» **Materials provided**:
□ □ □
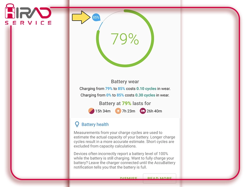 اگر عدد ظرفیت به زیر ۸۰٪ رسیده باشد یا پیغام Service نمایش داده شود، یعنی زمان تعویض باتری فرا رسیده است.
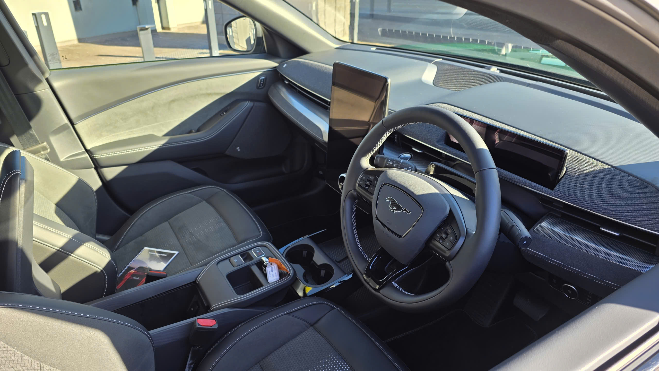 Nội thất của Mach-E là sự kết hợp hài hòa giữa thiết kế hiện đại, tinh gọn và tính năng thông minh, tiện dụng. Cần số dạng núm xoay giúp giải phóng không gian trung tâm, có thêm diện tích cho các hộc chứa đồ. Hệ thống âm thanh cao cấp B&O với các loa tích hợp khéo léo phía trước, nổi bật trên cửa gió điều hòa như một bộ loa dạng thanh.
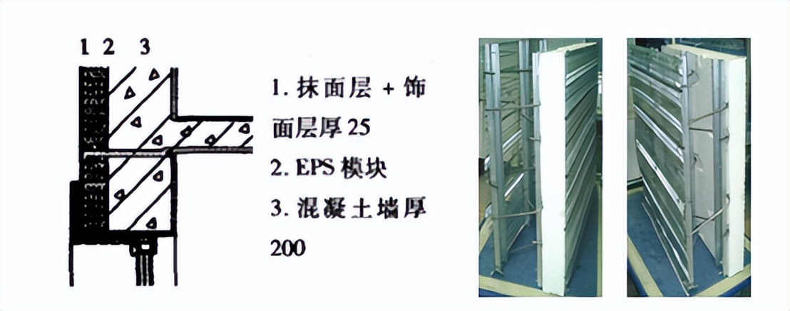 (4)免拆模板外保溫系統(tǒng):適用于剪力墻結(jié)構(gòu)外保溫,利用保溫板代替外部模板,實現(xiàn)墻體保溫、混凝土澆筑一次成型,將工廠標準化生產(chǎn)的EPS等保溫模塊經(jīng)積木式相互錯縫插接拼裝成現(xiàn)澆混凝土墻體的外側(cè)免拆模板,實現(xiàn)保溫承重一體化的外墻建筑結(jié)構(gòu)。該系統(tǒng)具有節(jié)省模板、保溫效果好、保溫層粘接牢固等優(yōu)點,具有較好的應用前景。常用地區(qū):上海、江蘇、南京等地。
□ □ □
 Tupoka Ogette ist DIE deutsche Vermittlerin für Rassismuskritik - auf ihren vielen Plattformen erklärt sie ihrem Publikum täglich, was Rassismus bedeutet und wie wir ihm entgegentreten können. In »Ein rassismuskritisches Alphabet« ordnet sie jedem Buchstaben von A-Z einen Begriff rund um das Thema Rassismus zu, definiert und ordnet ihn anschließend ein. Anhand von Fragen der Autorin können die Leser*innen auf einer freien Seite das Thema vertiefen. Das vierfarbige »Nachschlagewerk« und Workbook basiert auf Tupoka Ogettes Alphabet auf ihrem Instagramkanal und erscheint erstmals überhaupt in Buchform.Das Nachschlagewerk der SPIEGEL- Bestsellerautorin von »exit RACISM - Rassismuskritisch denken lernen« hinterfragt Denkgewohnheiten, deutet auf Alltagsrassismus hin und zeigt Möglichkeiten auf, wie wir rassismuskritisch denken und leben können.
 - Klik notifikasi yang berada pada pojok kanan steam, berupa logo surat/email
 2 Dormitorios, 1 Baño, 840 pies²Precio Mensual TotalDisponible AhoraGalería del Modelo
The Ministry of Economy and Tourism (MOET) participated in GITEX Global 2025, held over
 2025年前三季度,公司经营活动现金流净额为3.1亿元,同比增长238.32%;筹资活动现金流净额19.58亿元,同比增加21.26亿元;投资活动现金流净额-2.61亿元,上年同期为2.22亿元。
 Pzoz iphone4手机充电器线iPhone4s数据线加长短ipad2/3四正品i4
□ □ □
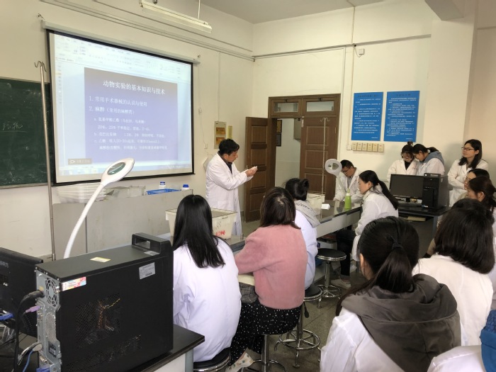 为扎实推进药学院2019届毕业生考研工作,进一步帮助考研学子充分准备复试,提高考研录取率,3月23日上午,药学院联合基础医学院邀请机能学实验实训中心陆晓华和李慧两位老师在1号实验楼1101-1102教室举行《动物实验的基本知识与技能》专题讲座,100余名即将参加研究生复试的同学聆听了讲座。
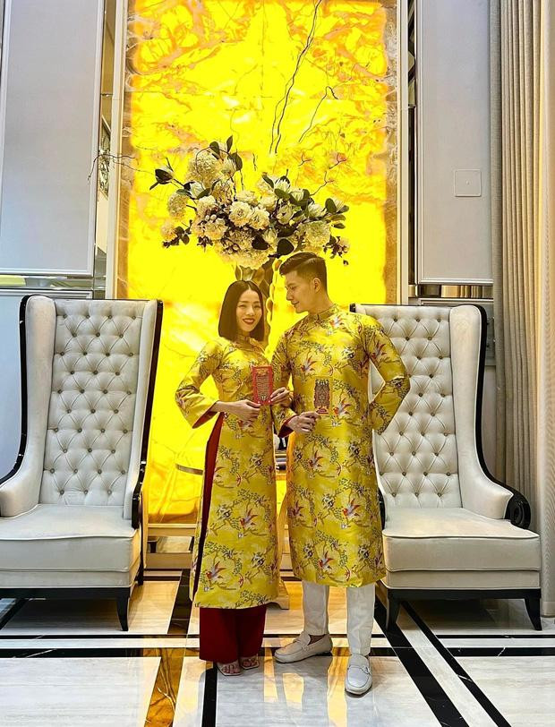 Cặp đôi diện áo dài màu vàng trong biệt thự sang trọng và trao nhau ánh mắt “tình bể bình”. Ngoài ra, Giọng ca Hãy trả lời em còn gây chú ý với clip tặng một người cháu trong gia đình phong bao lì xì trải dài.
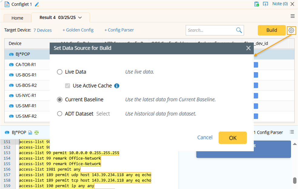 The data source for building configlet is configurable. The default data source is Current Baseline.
□ □ □
» **Task goal**: Using the material above, reproduce only the lines that run from the line with "اگر عدد ظرفیت" up to and including the line with "(4)免拆模板外保溫系統(t", exactly, with the pictures dropped.

» **Problem solution**:
 اگر عدد ظرفیت به زیر ۸۰٪ رسیده باشد یا پیغام Service نمایش داده شود، یعنی زمان تعویض باتری فرا رسیده است.
 Nội thất của Mach-E là sự kết hợp hài hòa giữa thiết kế hiện đại, tinh gọn và tính năng thông minh, tiện dụng. Cần số dạng núm xoay giúp giải phóng không gian trung tâm, có thêm diện tích cho các hộc chứa đồ. Hệ thống âm thanh cao cấp B&O với các loa tích hợp khéo léo phía trước, nổi bật trên cửa gió điều hòa như một bộ loa dạng thanh.
 (4)免拆模板外保溫系統(tǒng):適用于剪力墻結(jié)構(gòu)外保溫,利用保溫板代替外部模板,實現(xiàn)墻體保溫、混凝土澆筑一次成型,將工廠標準化生產(chǎn)的EPS等保溫模塊經(jīng)積木式相互錯縫插接拼裝成現(xiàn)澆混凝土墻體的外側(cè)免拆模板,實現(xiàn)保溫承重一體化的外墻建筑結(jié)構(gòu)。該系統(tǒng)具有節(jié)省模板、保溫效果好、保溫層粘接牢固等優(yōu)點,具有較好的應用前景。常用地區(qū):上海、江蘇、南京等地。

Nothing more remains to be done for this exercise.